Designed and implemented a bell curve-based performance appraisal module that calculates actual vs.
standard rating distribution, identifies deviations, and suggests rating revisions for employees using
Java and Spring Boot, ensuring robust and extensible architecture with unit test coverage.
Technologies Used:
- Backend: Java, Spring Framework, SpringBoot
- Frontend: JavaScript,React.js
- Database: PostgreSQL
Key Features:
- Implemented bell curve methodology to classify employee performance into standard rating
categories.
- Calculated actual rating distribution and compared it against predefined standard percentages.
- Detected deviations between actual and standard rating distributions.
- Provided suggestions for rating revisions to align with the ideal bell curve.
- Designed an extensible architecture to support future enhancements.
- Developed robust backend logic using Java and Spring Boot for maintainability.

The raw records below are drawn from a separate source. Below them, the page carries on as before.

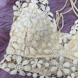 Bralette is by True by Rue 21 and is a pull on style with an elastic back, adjustable shoulder straps. Lined and lightly padded bra cups. Beautiful yellow lace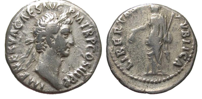 Lot 30-146. Nerva. A.D. 96-98. AR denarius. Rome mint, Struck A.D. 97.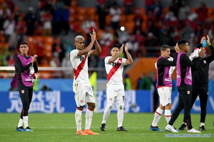Los jugadores de Perú agradecen al público al término del partido del Grupo C de la Copa Mundial de la FIFA Rusia 2018, ante Francia, en Ekaterimburgo, Rusia, el 21 de junio de 2018. Francia ganó 1-0 el encuentro. (Xinhua/Du Yu)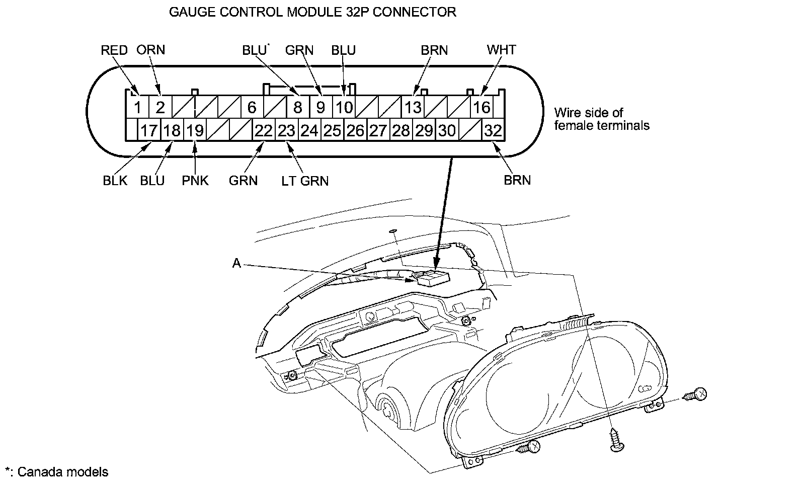 2. Remove the gauge control module Gauge Control Module Replacement, and disconnect the 32P connector (A) from it.

- Utilized employee, rating, and appraisal data for dynamic performance analysis.
- Ensured code reliability with comprehensive unit testing.
Challenges and Solutions
Accurate Rating Calculation: Implemented efficient aggregation logic and validation
checks to ensure correct calculation of actual rating distributions.
Deviation Handling: Developed an algorithm to detect deviations between actual and
standard distributions and suggest fair rating revisions.
Extensible Design: Used modular design and abstraction layers to easily accommodate
future changes in appraisal criteria or rating categories.
System Robustness: Created comprehensive unit tests to ensure reliability and catch
issues early across varying data inputs.
Data Integration: Structured clean data flows and API interfaces to seamlessly
integrate employee details, ratings, and appraisal ranges while maintaining data consistency.